Exercise description>
Exclude all pictures, then write out exactly the lines below from the first one through the line with "在13日召开的座谈会上,项目".

Dataset entries
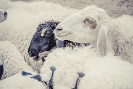 Young white sheep is surrounded by black sheep. Flock of sheep. A white crow, a friend among strangers, a stranger among his own.
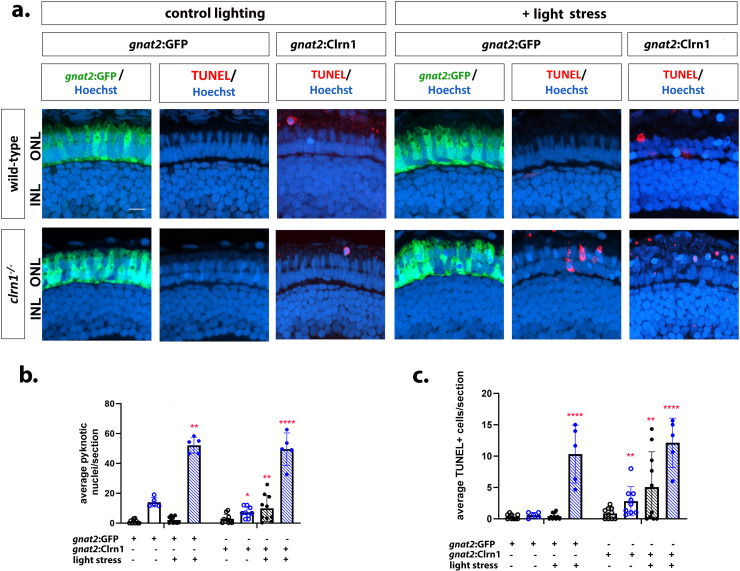 Fig 11 Re-expression of Clrn1 in cone photoreceptors does not reduce sensitive to light stress.
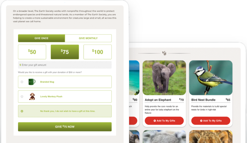 Through FlexFormz, organizations can choose if they want their donors to designate gifts for specific areas, give in honor or memory of someone, or choose a premium to receive with their gift. A Gift Catalog plugin is now available.
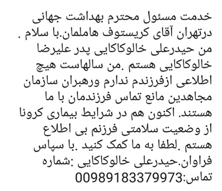 درخواست آقای خالوکاکایی از نماینده سازمان بهداشت جهانی در تهران
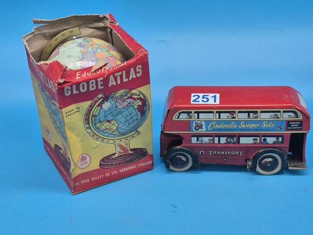 Lot 251 VINTAGE 1950'S WIND UP TIN BUS & VINTAGE GLOBE IN ORIGINAL BOX |
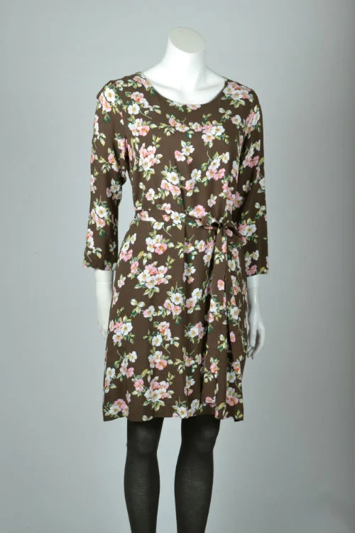 Lätt Utställd Viscoseklänning Med Sprund I Nacken, Skärp Och Fickor.
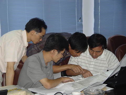 在13日召开的座谈会上,项目负责人及各调查小组组长详细汇报了第一阶段的工作情况和外业工作中遇到的困难和问题。喻主任在听取汇报后,首先对项目第一阶段工作所取得的成绩给予了充分肯定,并要求大家再接再厉,克服困难,确保工作任务的全面完成。喻主任一行还就有关技术问题与大家进行充分的沟通和交流。会上,他们查看了外业收集的文字、图表、照片等资料,重点检查了各调查组的外业调绘图。同时,针对下阶段的工作,他要求项目组加强对水土保持重点区的调查力度,及时沟通,解决项目开展过程中出现的各种问题。
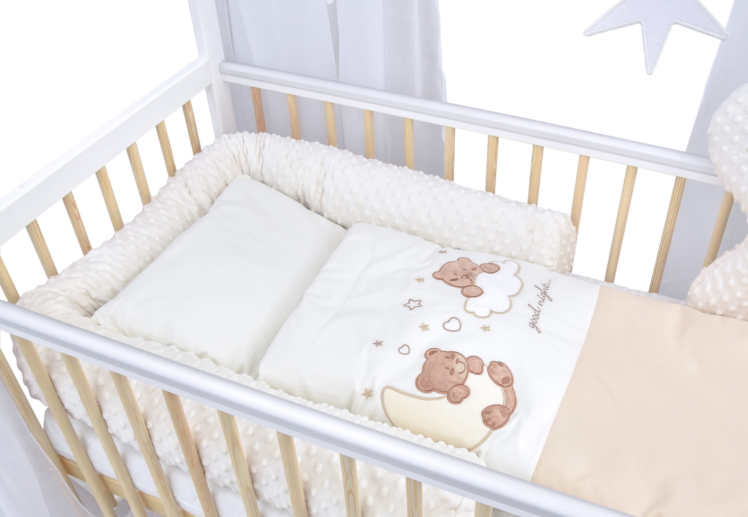 Besonders liebevoll gestaltet sind die Beißschienen, die nicht nur das empfindliche Zahnfleisch Ihres Babys schützen, sondern auch das Bett vor möglichen unschönen Abnutzungsspuren bewahren.
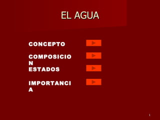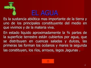 El agua es la sustancia más importante en la Tierra y constituye aproximadamente las tres cuartas partes de la superficie terrestre. Se compone de oxígeno e hidrógeno. Puede encontrarse en tres estados: sólido como hielo y nieve, líquido como océanos, lagos y ríos, y gaseoso como vapor de agua en la atmósfera. Es importante porque interviene en la composición de los seres vivos, es indispensable para la vida como alimento y transporta nutrientes dentro de los organismos.
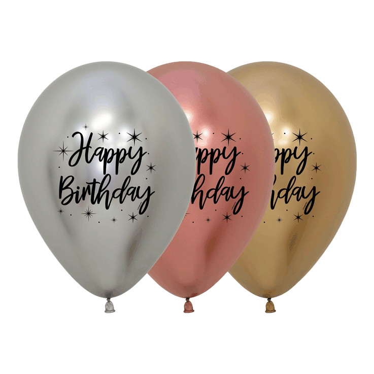 Bio Luftballon 30cm: 25 Stück in Chromglanz Rosegold 968, Gold 970, Silber 981 , bedruckt mit Happy Birthday mit Sternen (2-seitig). Er kann mit Luft oder Helium gefüllt werden. Die Tragfähigkeit der Heliumfüllung beträgt ca. 8 g, die Füllmenge ca. 13 Liter Ballongas / Helium. Mit dieser Gasfüllung kann der Luftballon im Idealfall 12 – 16 Stunden fliegen, bis ihm das Gas ausgeht. Unsere Natur-Luftballons ohne Plastik, Weichmacher oder Füllstoffe.
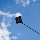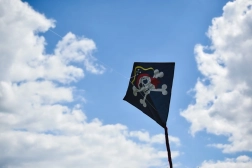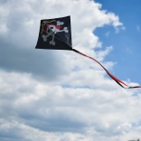Czarny motyw z czaszką i skrzyżowanymi kośćmi jest doskonale widoczny na tle błękitnego nieba i doda Twojemu lataniu odrobiny przygody.
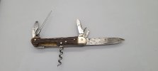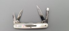 or one very similar. Did we trade for a switch? I was into Schrades at the time. I don't recall. Jerry Skelton bought my most of collection (god rest his soul) one year there. That's when I turned my focus to Henckels. The one next to the folding guard with the threaded bolsters looks early. What do you think? Pre 1890?
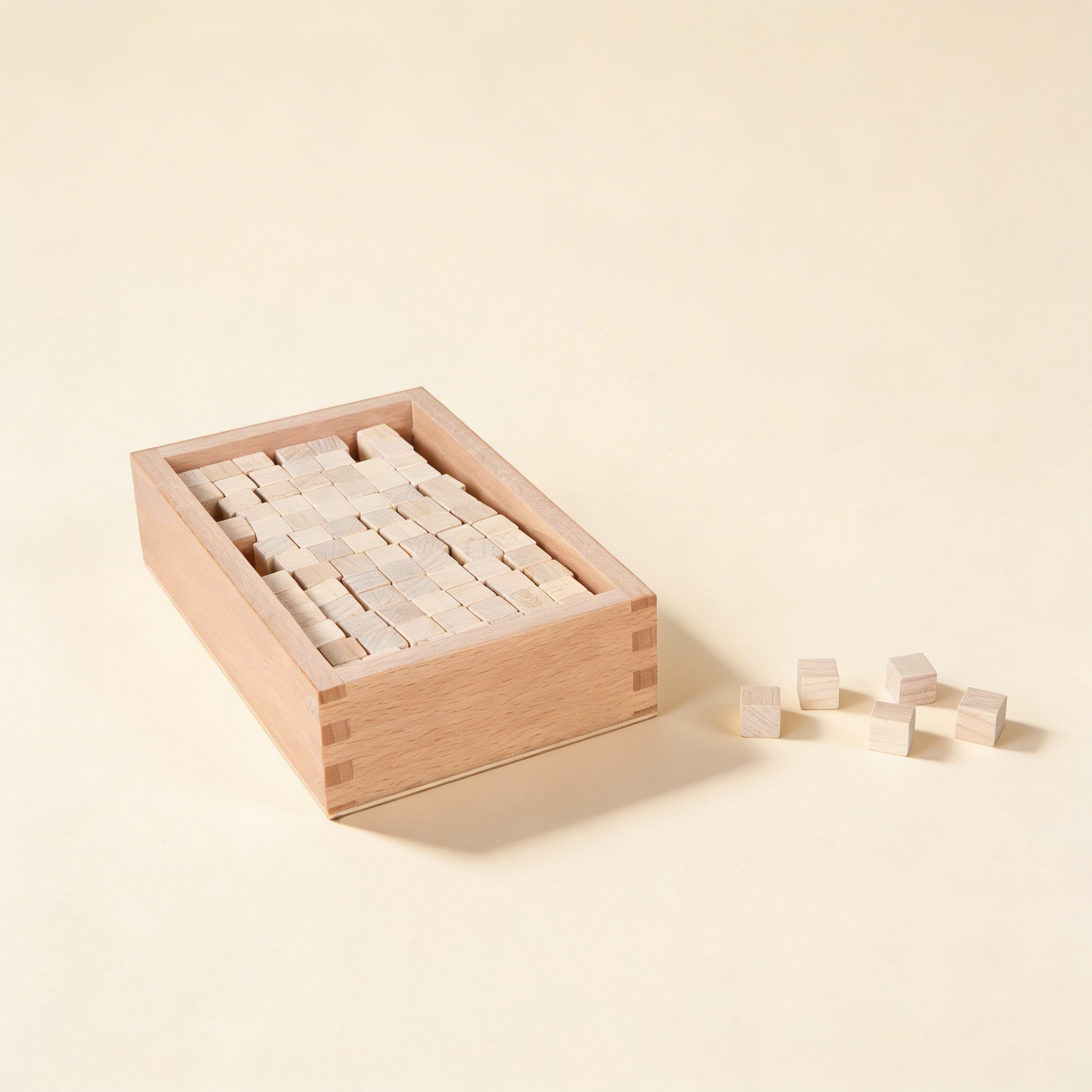 The Box With Cubes extends the mathematical precision of the Pink Tower, embodying Montessori's principle that the hand is the instrument of the mind. This auxiliary material allows children to manipulate the cubic relationships discovered through the Pink Tower in new contexts, deepening their understanding of dimension and proportion. By providing multiple identical cubes, children can create patterns, explore spatial relationships, and discover mathematical concepts through concrete manipulation. This material bridges the sensorial and mathematical areas, demonstrating Montessori's vision of integrated learning where sensory experiences lay the foundation for abstract thinking. The precision-crafted cubes offer the exactness necessary for the child's discriminating mind to perceive subtle differences and relationships.

Written solution>
 Young white sheep is surrounded by black sheep. Flock of sheep. A white crow, a friend among strangers, a stranger among his own.
 Fig 11 Re-expression of Clrn1 in cone photoreceptors does not reduce sensitive to light stress.
 Through FlexFormz, organizations can choose if they want their donors to designate gifts for specific areas, give in honor or memory of someone, or choose a premium to receive with their gift. A Gift Catalog plugin is now available.
 درخواست آقای خالوکاکایی از نماینده سازمان بهداشت جهانی در تهران
 Lot 251 VINTAGE 1950'S WIND UP TIN BUS & VINTAGE GLOBE IN ORIGINAL BOX |
 Lätt Utställd Viscoseklänning Med Sprund I Nacken, Skärp Och Fickor.
 在13日召开的座谈会上,项目负责人及各调查小组组长详细汇报了第一阶段的工作情况和外业工作中遇到的困难和问题。喻主任在听取汇报后,首先对项目第一阶段工作所取得的成绩给予了充分肯定,并要求大家再接再厉,克服困难,确保工作任务的全面完成。喻主任一行还就有关技术问题与大家进行充分的沟通和交流。会上,他们查看了外业收集的文字、图表、照片等资料,重点检查了各调查组的外业调绘图。同时,针对下阶段的工作,他要求项目组加强对水土保持重点区的调查力度,及时沟通,解决项目开展过程中出现的各种问题。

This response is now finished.